Kevin Damman: I'm Kevin Damman. I'm a heart failure cardiologist from the UMCG Groningen in the Netherlands.

Interviewer: Can you provide some background on digitalis glycosides?

Kevin Damman: Yeah. So, digitalis glycosides such as digoxin and digitoxin have been around for centuries actually. So, they've been used in cardiovascular disease specifically in heart failure and atrial fibrillation. And already 20 years ago, even 30 years ago, there was a large trial called DIG which didn't meet its primary endpoint. So, there was no reduction in all-cause mortality. There was a signal for improvement in heart failure hospitalization. But that was not enough to get this compound used often as foundational drugs as we use them today. And thereafter many other drugs were introduced and digoxin and digitoxin were not first-line therapies anymore. And now we have two trials. Last year DIGIT-HF was published showing that with that digitalis glycoside there was an improvement in the primary outcome. And yesterday we heard from my colleague the DECISION trial, a Dutch trial of 1,000 patients, where we investigated low-dose digoxin that didn't meet its primary endpoint of cardiovascular death or recurrent worsening heart failure events. So that's where we are today. So we have trials from 30 years ago with a neutral effect on the primary endpoint. One trial with a positive effect last year and now we also have a neutral or inconclusive trial yesterday with low-dose digoxin.

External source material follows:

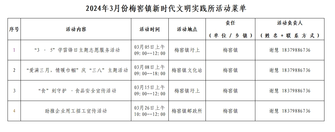 2024年3月份梅窖鎮新時代文明實踐所活動公示
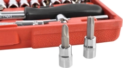 Sættet leveres i en robust kuffert, hvor hvert værktøj har sin specifikke plads. Dette letter organisering og transport, og ingen værktøjer bliver væk.

Interviewer: What was the rationale for conducting a meta-analysis?

Kevin Damman: Yeah. So this is also the reason to conduct a meta-analysis. If you have at least results that are not in line, you will try to pool them and see if you have more power with more studies with more patients if you can still see the same signal or a different signal. To remind everybody, DIGIT-HF and DECISION were small trials, relatively small, 1,200 patients. So that's also a reason to see if we can actually now in the contemporary heart failure patients with foundational drugs as we're using today if there still is a signal for low-dose digitalis glycosides as additive medical therapy in heart failure.

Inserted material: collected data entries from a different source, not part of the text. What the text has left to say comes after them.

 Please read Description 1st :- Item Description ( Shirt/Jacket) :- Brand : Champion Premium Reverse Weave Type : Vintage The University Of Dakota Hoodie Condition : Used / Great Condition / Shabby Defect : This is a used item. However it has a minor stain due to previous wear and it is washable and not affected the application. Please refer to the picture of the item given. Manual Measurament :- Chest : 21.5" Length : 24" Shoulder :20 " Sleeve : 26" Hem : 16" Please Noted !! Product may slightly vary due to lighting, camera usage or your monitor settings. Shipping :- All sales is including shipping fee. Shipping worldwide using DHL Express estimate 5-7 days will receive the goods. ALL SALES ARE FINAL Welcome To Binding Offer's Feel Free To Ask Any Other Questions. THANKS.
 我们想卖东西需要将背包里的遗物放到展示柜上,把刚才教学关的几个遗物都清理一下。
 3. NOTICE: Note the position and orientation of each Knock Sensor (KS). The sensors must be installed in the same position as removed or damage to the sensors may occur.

Interviewer: Can you describe the meta-analysis methodology?

Kevin Damman: Yeah. So this study-level meta-analysis consists of the three trials we just discussed. So DIG, DIGIT-HF and DECISION—overall 9,000 patients. And when we pooled this and looked at the endpoint that we've chosen, we chose time to cardiovascular death or first heart failure worsening heart failure event, there was a 15% relative risk reduction across all studies. So that means that on top of what we now use as foundational medical therapy, digitoxin and digoxin in low dose had a 15% relative risk reduction on top of that. So I think that just speaks for the efficacy of this even in the context of what we're using currently.

Interviewer: What were the key findings?

Kevin Damman: So yeah, the key findings were that there was a risk reduction when pooling all studies together—so 15% relative risk reduction for the primary outcome of cardiovascular death or time to first worsening heart failure event. But we also saw a reduction in first heart failure event—so 25% relative risk reduction. But low-dose digoxin or low-dose digitoxin did not result in a reduced risk of all-cause or cardiovascular death.

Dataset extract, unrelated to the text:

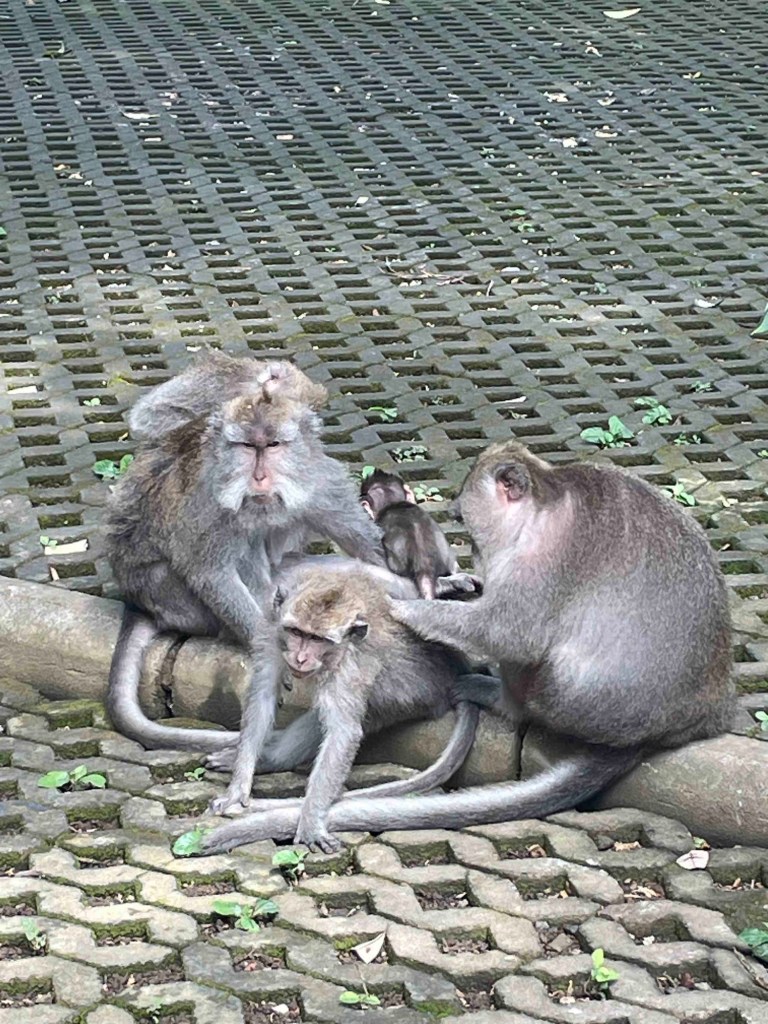 On the way to East Bali we made a detour to the Sacred Monkey Forest, which we hadn’t been able to enter the day before yesterday. Wayan drove us there, and we explored the grounds and the temples – though the temples themselves can only be viewed from outside. I had imagined the forest to be wilder. Instead, it’s a tourist attraction with entrance fees and rules. The monkeys mostly looked bored. When a few did show off their climbing skills, swarms of tourists gathered immediately. Photo, photo with monkey … exhausting.

Interviewer: What are the implications for clinical guidelines?

Kevin Damman: So the current guidelines will be updated in September. I'm not sure if this data will make it into the new guidelines, but if we would draft guidelines today with all these data together with also with the new level of evidence that we introduced by the ESC, I think this strongly suggests that we should use these drugs as the fifth pillar in heart failure medical therapy. These drugs are very cost-effective. They cost nothing. We've been used for hundreds of years. They're safe in a low dose. But I think this should be considered as additional medical therapy in patients with heart failure with mildly reduced and reduced ejection fraction.

Interviewer: What's your perspective on future research and clinical use?

Kevin Damman: Yeah, I would hope that there would be even more trials confirming what we showed in the meta-analysis. I think that's unfortunately not going to happen. So we have to do with the data we have today and I think again that adding digoxin or low-dose digitoxin on top of the drugs that we're currently using is safe. It seems to have an effect on heart failure hospitalization and worsening heart failure events. So I would say why not just use it? I think this will improve the outcomes of our patients.